Single by Virtual Self

from the EP Virtual Self
- Released: November 8, 2017
- Recorded: 2017
- Genre: Trance
- Length: 4:27
- Label: Virtual Self
- Songwriter: Porter Robinson
- Producer: Porter Robinson

Virtual Self singles chronology
| "Eon Break" (2017) | "Ghost Voices" (2017) | "Angel Voices" (2018) |

Music video
- "Ghost Voices" on YouTube

= Ghost Voices =

"Ghost Voices" is a song by American electronic music producer Porter Robinson under the alias Virtual Self. It was released on November 8, 2017 as the second single from the alias' self-titled debut EP, which uses early 2000s sounds and aesthetics. Robinson said that "Ghost Voices" was the easiest song from the EP to compose, and he used a house-styled drum pattern and a trance-styled break.
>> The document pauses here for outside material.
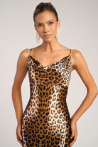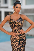 Style PS26257 delivers sultry sophistication with its sleek fitted silhouette and cowl neckline. Crafted in a bold leopard print, the gown contours the figure before flaring subtly at the hem for a timeless, red-carpet finish. Designed for confidence and allure, this look defines modern glamour.
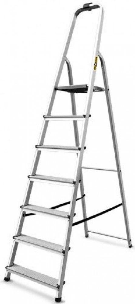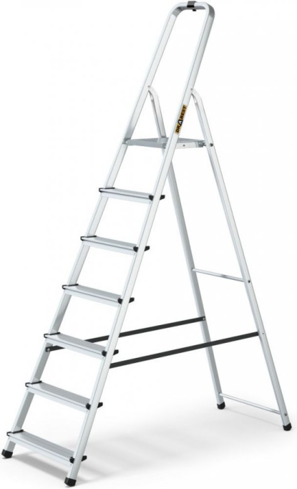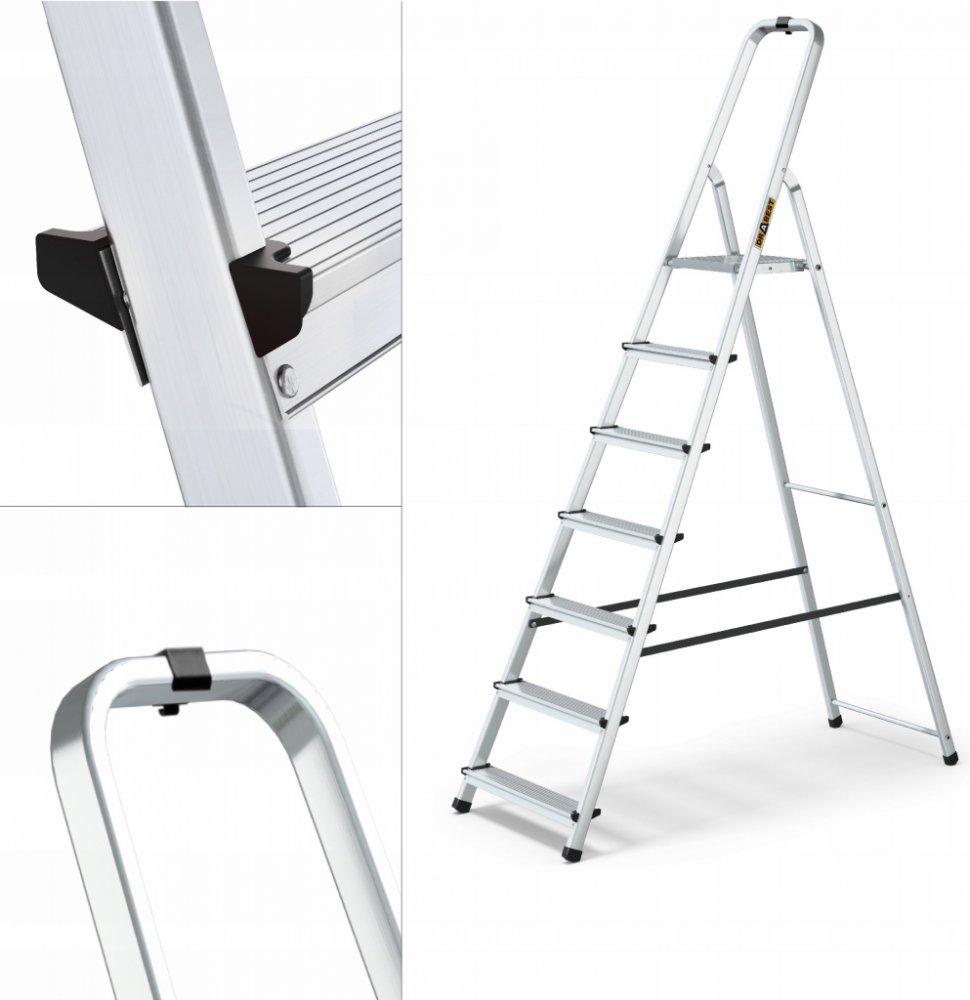 Kompaktní ocelový žebřík s extrémně odolnou konstrukcí. Použitelný do každé domácnosti, ve které bude nezbytným pomocníkem pří různých typech prácí. Zvýšená bezpečnost je zajištěna protiskluzovým systémem, jako jsou vlnité nášlapy (schody) nebo speciální plastové konce nohou. Přes použití pevného a kvalitního hliníku si žebřík zachovává svoji lehkost a jednoduchost skladování spolu s přenášením.

In 2018, the song received an official music video and was remixed by Raito and Robinson himself, the latter remix being called "Angel Voices". "Ghost Voices" received a nomination for Best Dance Recording at the 61st Annual Grammy Awards.

== Production and composition ==
Porter Robinson wrote "Ghost Voices" for the Virtual Self EP, released through an alias of the same name. Robinson used the early 2000s as the main source of inspiration for the sound and visuals. He said the track was much easier to produce when compared to other songs on the EP. Initially, Robinson tried to create a new lead sound similar to the human voice, as well as an ambient sound "where it sounded like she was going to heaven, a very beautiful, sad, nostalgic chord progression." According to him, the initial result sounded cuter than the released version of "Ghost Voices". Robinson said he was playing randomly with the keys; after making the riff, he noticed it was "catchy", which made him write a bassline behind it, resulting in a sound he enjoyed. After this, Robinson wrote the house-styled drum pattern. The first drop was written from the melody into the hook, giving it a dark, mysterious feel. He then focused on creating a "turn-of-century"-inspired, trance-styled break. He spent two or three days editing the vocals from a random demo he had received—a pop performance—to make it sound "ghostly and ethereal".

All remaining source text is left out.